Right. It's not about whether people are interested in the port but whether they are prepared to invest in it. From the AArch64 port point of view, I know just how much investment that is. I already mentioned this in a private reply to someone else: I think one of the problems with OpenJDK in this regard is that the core developers are testing their changes on the platforms supported by Oracle only. I very often see mails with the subject "RFR-NNNNNN: Build broken on $ARCH after JDK-XXXXXXX" which is something I don't see that often in other projects like Rust or GCC. Sure, they also have regressions that affect certain architectures only, but in OpenJDK this happens much more frequently from what I have observed.
It happens regularly with glibc (mostly with Hurd and s390x) and GCC (AIX boostrap failures anyone?). It is simply the result of a tiered building and testing strategy.
I don't know what the numbers look like for OpenJDK, but building glibc on all targets costs between 10and10 and 10and20 in the public cloud. That's just building, no code execution tests have actually run at that point. That means that commits have to be tested in batches, usually after they land in the main development repository.
In my opinion, it would be more efficient if everyone tested their changes on all supported architectures. This way potential regressions are detected much earlier and will most likely not reach get committed to the main repository.
Sure, but that means that if you want to keep the SPARC port alive, you will have to provide porter boxes, builders and testers.
The community has set up a variety of machines in the GCC compile farm to make this possible:
https://gcc.gnu.org/wiki/CompileFarm Any open source developer can request an account there and test their changes on various different platforms.
Aren't all SPARC compile farm machines offline?
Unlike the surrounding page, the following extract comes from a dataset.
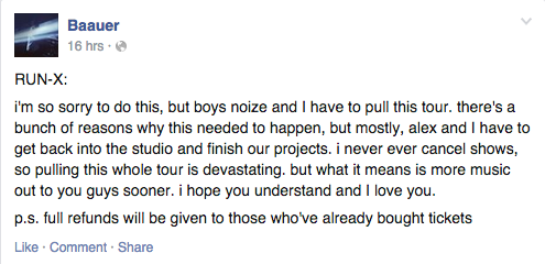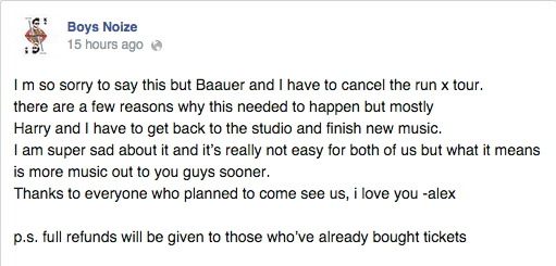 Baauer and Boys Noize were scheduled for a busy fall traveling across the United States and Canada to deliver glorious trap. However, they have just announced the cancellation of nearly all of their upcoming shows. The announcement was made via social media and subsequent updates to the tour can be seen on Boys Noize’s website.

That's not the experience I made. Usually GCC developers make their changes across all architectures and test them. It's not that code for m68k is touched by the m68k maintainer only, for example.
GCC is rather successful with their model, in my opinion, which can be seen from the large number of supported targets which even includes very obscure and old ones like PDP-11 and VAX.
GCC faces pretty much the same issues as OpenJDK. As you well know, the m68k target (and a couple of others) will likely be removed along with the removal of the cc0 support due to its maintenance cost, same rationale as with OpenJDK.